The Hard Stuff We Didn’t Post on Social Media
Bureaucracy can be opaque. Our residence appointment was rescheduled twice, and one time we waited two hours past the slot while clutching our folder like a talisman. It’s not that people aren’t helpful—they are—but systems move at their pace. We also underestimated how tiring it is to be new at everything. A trip to the bank can take the energy of a school day.
Homesickness visited at odd times—standing in a supermarket aisle unable to find oatmeal, or hearing a song from the ‘80s outside a pharmacy. The antidote has been permission to miss what we left, and curiosity about what we’re gaining.
If You’re Considering the Same Path
- Scout multiple cities and seasons. Portugal in August and Portugal in April are different planets.
- Budget for the unexpected—visa translations, extra housing deposits, and the cost of your own impatience.
- Learn key phrases before you arrive; take a class once you do. It’s not just politeness—it unlocks kindness.
- Use both public and private healthcare. Register early for the SNS, and keep a private plan to bridge gaps.
- Build a routine.
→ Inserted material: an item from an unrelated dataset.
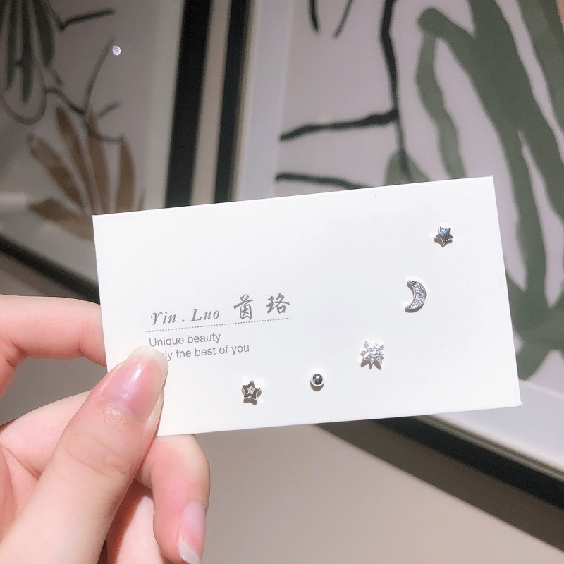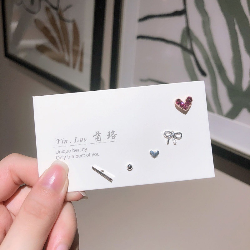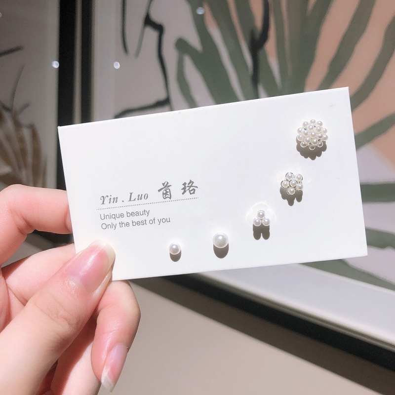 Roselife 5 Pcs S925 Chic Pearl Crystal Small Stud Earrings Set for Women Girls Fashion Ear Jewely

The fastest way to belong is to become predictable in a few places.
What We’ve Found
We didn’t come to Portugal to reinvent ourselves. We came to live a life that felt softer at the edges, where afternoons could stretch and worries could shrink. This spring, a year in, we know which bus driver nods when we board, where the best cod cakes are fried to order, and how to tape carnations into our window for April 25th. We’re still learning the language of a place that has made room for us, kindly and without fuss.
If you find yourself at a similar crossroad with a folder of documents and a hopeful heart, know that the road is walkable. Wear good shoes. Pack patience. And keep a little space in your suitcase for oranges.